Journal article
Evaluating Propensity Score Methods in a Quasi-Experimental Study of the Impact of Menu-Labeling
PloS one, v 10(12), pp e0144962-e0144962
2015
PMID: 26677849
Featured in Collection : UN Sustainable Development Goals @ Drexel
Abstract
Quasi-experimental studies of menu labeling have found mixed results for improving diet. Differences between experimental groups can hinder interpretation. Propensity scores are an increasingly common method to improve covariate balance, but multiple methods exist and the improvements associated with each method have rarely been compared. In this re-analysis of the impact of menu labeling, we compare multiple propensity score methods to determine which methods optimize balance between experimental groups.
Study participants included adult customers who visited full-service restaurants with menu labeling (treatment) and without (control).
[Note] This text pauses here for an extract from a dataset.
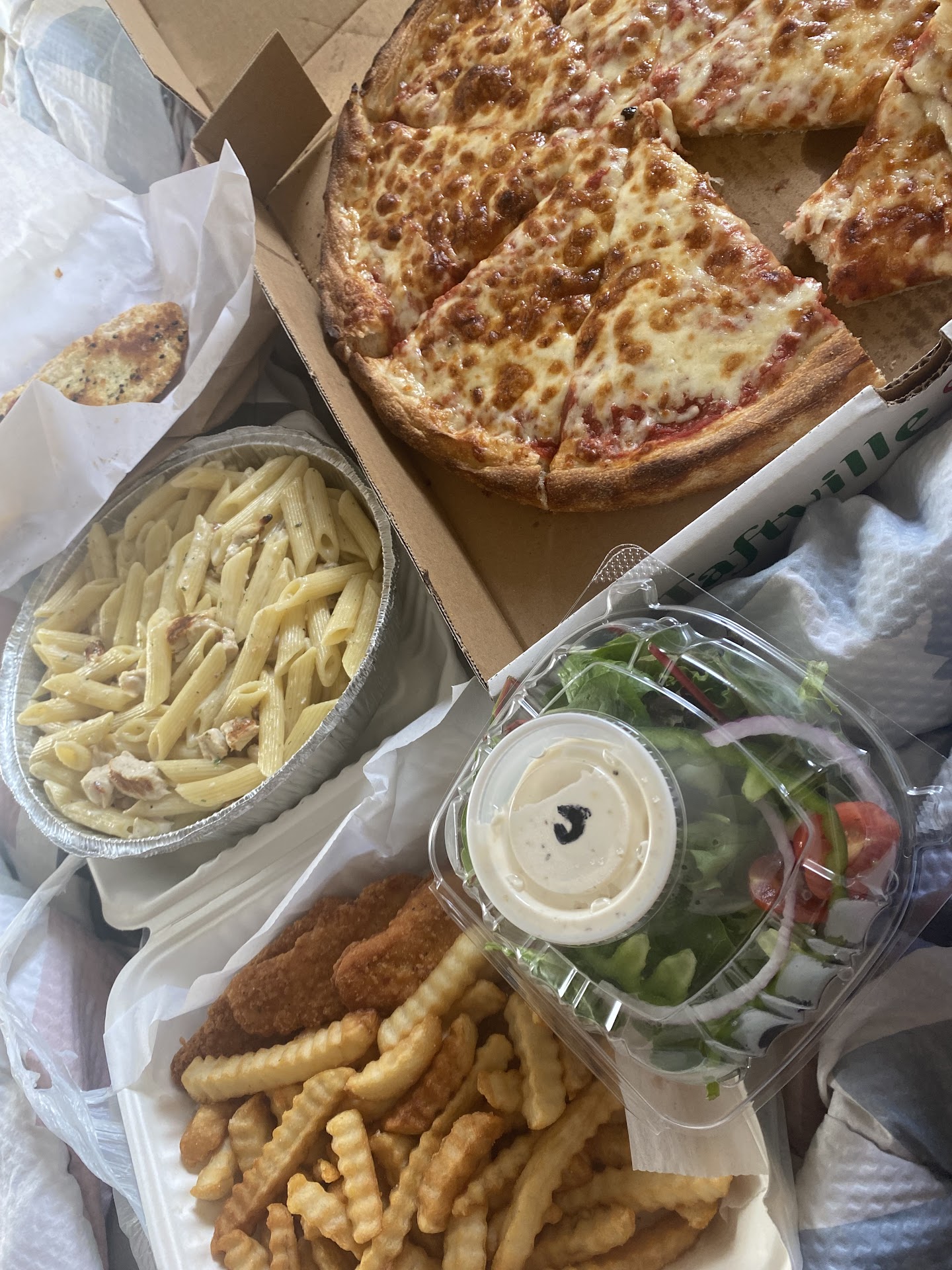 Read moreThis is the third time we try because is the closest place to our home and it is said that âthird time is a charmâ but NEVER again! Is a total disappointment EVERY TIME and a waste of our hard worked money. We simply wanted a nice family meal and spend it at home with our daughter and as a birthday gift she wanted pizza. They were really nice on the phone and even helped with a coupon that wouldnât go through when online ordering. It was our first time ordering with a coupon there. We got a large family meal. But sadly to say that the pizza was soggy, the appetizer we chose was tenders with French fries and the fries were salty and soggy as well. We also got a Chicken Alfredo Italian dinner which was a great amount but the pasta was very dry and had no Alfredo sauce and it had no type of taste. It even seemed like they forgot to add the sauce to begin with. The side salad had some bad lettuce and huge pieces of onions and peppers. They also forgot my daughterâs honey mustard for her tenders. I swear the only good thing that had good taste was the tenders out of EVERYTHING we got. I want to cryđ˘ How many mistakes can you make on just ONE persons order? Will NEVER happen again!!! My daughter was not having it and I feel so bad. We are so disappointed!!! Iâm tired of calling them every time we order for them to fix it and then expect us to go and pick it up when we had delivery in the first place and gave tip. Itâs not fair that people get this type of service just because they decide to be messy and lazy. If you want great tasting food, good service and great quality PLEASE DO NOT SPEND YOUR HARD...
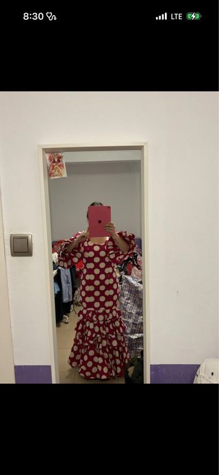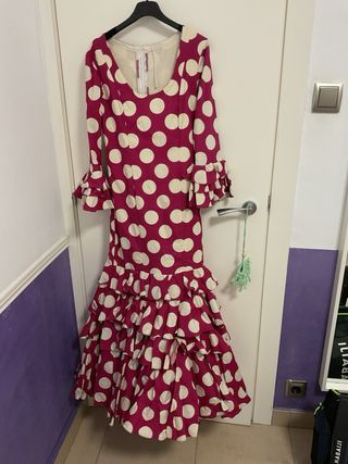 Vestido de flamenca con un diseño llamativo. - Estampado de lunares blancos sobre fondo rojo. - Mangas abullonadas. - Volantes en la falda. Sin estrenar Talla 36 puede llegar a talla 38 Tiene para sacar Hecho a mano Cadera 102 Pecho 93 1,37 de largo Medidas aprox

We compared the balance between treatment groups obtained by four propensity score methods: 1) 1:1 nearest neighbor matching (NN), 2) augmented 1:1 NN (using caliper of 0.2 and an exact match on an imbalanced covariate), 3) full matching, and 4) inverse probability weighting (IPW). We then evaluated the treatment effect on differences in nutrients purchased across the different methods.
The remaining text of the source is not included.